Elijah was afraid and ran for his life. When he came to Beersheba in Judah, he left his servant there, while he himself went a day’s journey into the wilderness. He came to a broom bush, sat down under it and prayed that he might die. “I have had enough, Lord,” he said. “Take my life; I am no better than my ancestors.” Then he lay down under the bush and fell asleep.
Everything is not okay…but it will be. This is the line I’ve been wrestling and have come to grips with over the past few days. My wife, bless her heart, keeps asking how I am doing. I’ve had to come to terms that a lot of right now “everything is not okay.” But I need to add this line: “but it will be.”
As a follower of Jesus and also one who has been “doing ministry” for about 9 years now, my race isn’t over but it is looking a lot different. And I am realizing a few things before I’ve even started this new season to truly withdraw, reflect and rest.
To some, rest looks a lot like quitting. To God, rest looks a lot like trusting.
I think the most difficult doubt I’ve wrestled with is fear that people with think I’ve quit on them. Which stems from my own selfishness and belief that I need to be present to “save” people. I can’t save people. I can’t fix people. I am not anything special. I am a man, broken, sinful and saved by no power of my own. And, as I am realizing it, I didn’t recognize how much I had let myself move into this false belief until I announced I am transitioning out of student ministry into a season to rest and seek clarity from God.
I feared man more than I feared God.
Words hurt. People hurt. There is no escaping that. But I’d forgotten whose words were truly life-giving. I hadn’t wrestled through pains, I had pushed forward because I had to – right? But there is a big difference between how I structured my life and what I claimed to believe. I hadn’t created the proper margin to allow my heart to rest in God, to allow my mind to stop fearing man and start being in fear, in awe, of God and all that He is and has done. And it caught up to me. A word or lack of word raced through my mind like a virus, cutting into my heart and spewing all sorts of lies. I was living in constant fear of man – and this infection of fear only comes with one remedy at this point – a season to withdraw and rest in Jesus.

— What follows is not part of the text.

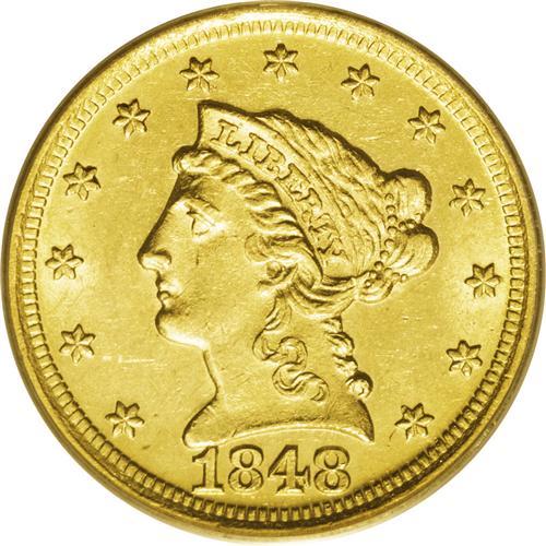 <B>1848-D $2 1/2 MS62 PCGS.</B></I> Variety 10-M. Two varieties are known, and this 10-M variety is more plentiful. The other variety, 10-N, has the mintmark closer to the fraction. This lustrous Mint State example is a splendid piece with frosty luster and brilliant yellow-gold color. Although a few abrasions are evident on each side, this example is much nicer than normally seen. Although the date is one of the more plentiful quarter eagles from the Dahlonega Mint, it is still a rarity in all Mint State grades. Population: 8 in 62, 5 finer (10/06).<BR><BR><b>Shipping:</b> Coin/Currency (<a target="_blank" href="http://www.heritageauctions.com/common/shipping.php">view shipping information</a>)

Everything is not okay…but it will be.
Life goes on. We can’t control it. I am in this strange in-between as I sit in an office not planning for the launch of fall. I’m not going on a student retreat, I’m not anticipating football games, I’m not scheduling out weekend services. Someone else has stepped in. Because even if everything is not okay with me right now, or with you right now, it will be. Next man up, get some relief. Because the God of the universe is more concerned about my heart than about a program.
If the shepherd is bleeding on the hill, he won’t be any good to watch over the flock. Maybe for someone: you, like me, need to take a step that is very uncomfortable – may not even make sense – to allow God to do a work in you. What do you really need? Have you taken the steps to be sure you get to God and let Him do what only He can do? Because He will surely do it – on His timing and in His way – but He will meet you where you are.
All at once an angel touched him and said, “Get up and eat.” He looked around, and there by his head was some bread baked over hot coals, and a jar of water. He ate and drank and then lay down again.
The angel of the Lord came back a second time and touched him and said, “Get up and eat, for the journey is too much for you.” So he got up and ate and drank. Strengthened by that food, he traveled forty days and forty nights until he reached Horeb, the mountain of God.